Note: Overall progress is calculated based on the number of data sources and percentage complete for each source.

Note: In some rare cases, you may see an additional field called Files removed after Retry. If you retry discovery errors, this field appears when the total file count after retrying is less than the original discovery file count. For example, you see the Files removed after Retry field is 10. This number tells you the total number of files discovered after retrying errors is ten less than the original number of discovered files.

If you enabled the auto-publish set option on the profile used by this set, you can monitor the progress for both discovery and publish.

Status with auto publish

See Processing error overview for details.

Once discovery is complete, the status section displays a check mark, indicating that you can move on to publishing your files. For more information, see Publishing files.

Discovery complete status icon

Viewing text extraction progress in processing sets

This feature is located below the Discover > Files Discovered count and shows the progress of text extraction by displaying an incrementing count of the number of files containing text within the processing sets. The extracted text files count remains at zero until the status bar passes 25%. The final count appears when the Discover process completes.

Text extraction after 25 %

Canceling discovery

Once you start discovery, you can cancel it before the job reaches a status of Discovered with errors or Discover files complete.

To cancel discovery, click Cancel.

Cancel discovery button

Consider the following regarding canceling discovery:

  • If you click Cancel while the status is still Waiting, you can re-submit the discovery job.
  • If you click Cancel after the job has already been sent to the processing engine, the set is canceled, meaning all options are disabled and it is unusable.
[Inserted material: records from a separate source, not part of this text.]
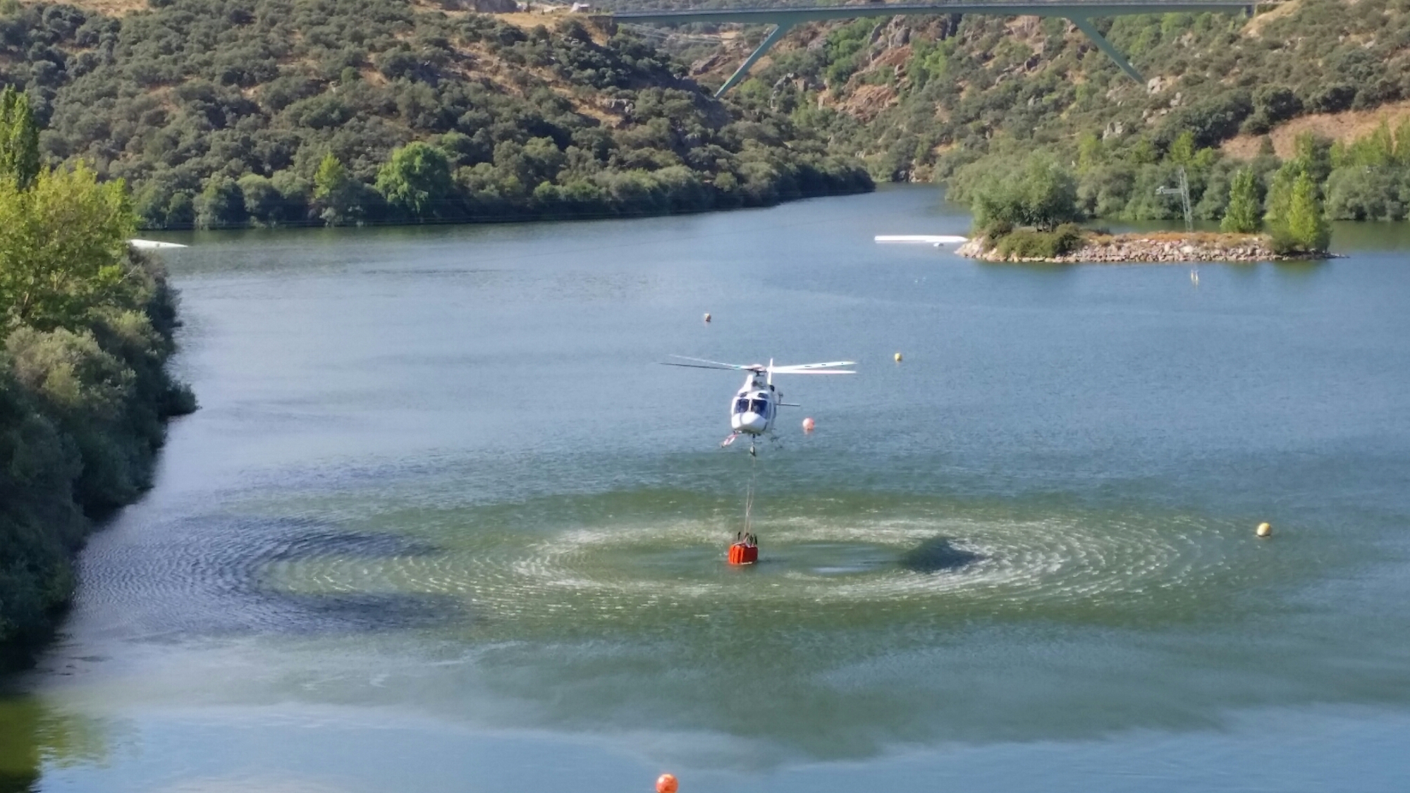 Desde la presa pudimos observar las maniobras del helicóptero para recoger el agua del pantano y llevarla al núcleo del incendio.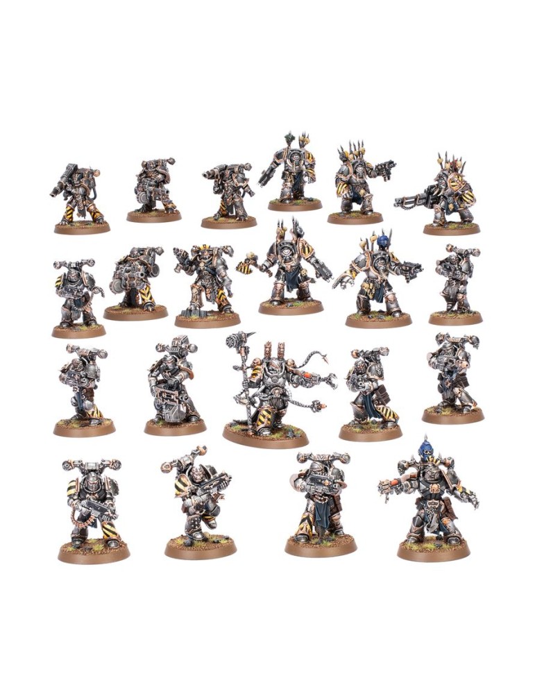 Los Guerreros de Hierro son maestros del asedio, especialistas en demoler defensas y avanzar sin descanso bajo una lluvia constante de fuego. Liderados por siniestros Herreros Disformes, combinan tecnología infernal con una disciplina implacable para aplastar a sus enemigos.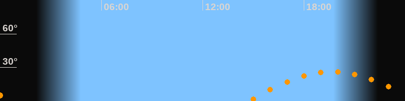 | Aufgang | 14:43 Uhr im Osten (αAz = 110°) |

Deduplication isn’t run against documents in canceled processing sets.
  • If you have auto-publish enabled and you cancel discovery, file publishing does not start.
  • Once the agent picks up the cancel discovery job, no more errors are created for the processing set.
  • Errors resulting from a canceled job are given a canceled status and cannot be retried.
  • Once you cancel discovery, you cannot resume discovery on those data sources. You must create new data sources to fully discover those files.

Once you cancel discovery, the status section is updated to display the canceled state.

Canceled discovery status